▶ _About this task_
Take from the entries below the stretch from the line with "2021年12月31日,中央" through the line with "妊娠中はホルモンバランスの変", and return it exactly, leaving the pictures out.

▶ _Exercise input_

# # # #

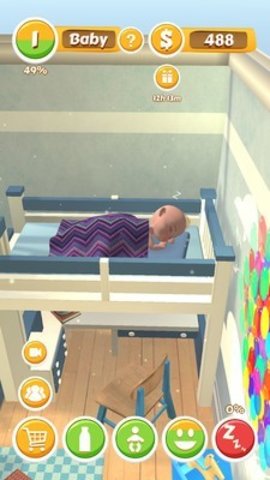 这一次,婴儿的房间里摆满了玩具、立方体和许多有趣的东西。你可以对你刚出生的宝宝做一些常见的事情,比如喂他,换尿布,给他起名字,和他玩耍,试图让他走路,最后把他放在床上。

# # # #

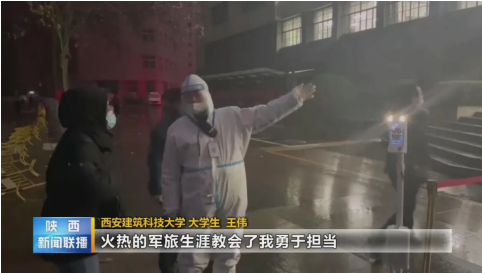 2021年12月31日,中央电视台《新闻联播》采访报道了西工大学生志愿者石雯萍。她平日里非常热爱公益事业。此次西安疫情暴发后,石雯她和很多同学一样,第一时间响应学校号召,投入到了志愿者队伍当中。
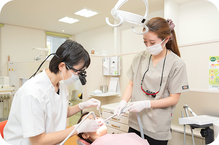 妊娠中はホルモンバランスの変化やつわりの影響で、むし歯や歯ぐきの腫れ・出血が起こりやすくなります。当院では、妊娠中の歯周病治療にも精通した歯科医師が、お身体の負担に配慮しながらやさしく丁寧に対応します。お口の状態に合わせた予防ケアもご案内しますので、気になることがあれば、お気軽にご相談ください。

# # # #

▶ _Answer to the exercise_
 2021年12月31日,中央电视台《新闻联播》采访报道了西工大学生志愿者石雯萍。她平日里非常热爱公益事业。此次西安疫情暴发后,石雯她和很多同学一样,第一时间响应学校号召,投入到了志愿者队伍当中。
 妊娠中はホルモンバランスの変化やつわりの影響で、むし歯や歯ぐきの腫れ・出血が起こりやすくなります。当院では、妊娠中の歯周病治療にも精通した歯科医師が、お身体の負担に配慮しながらやさしく丁寧に対応します。お口の状態に合わせた予防ケアもご案内しますので、気になることがあれば、お気軽にご相談ください。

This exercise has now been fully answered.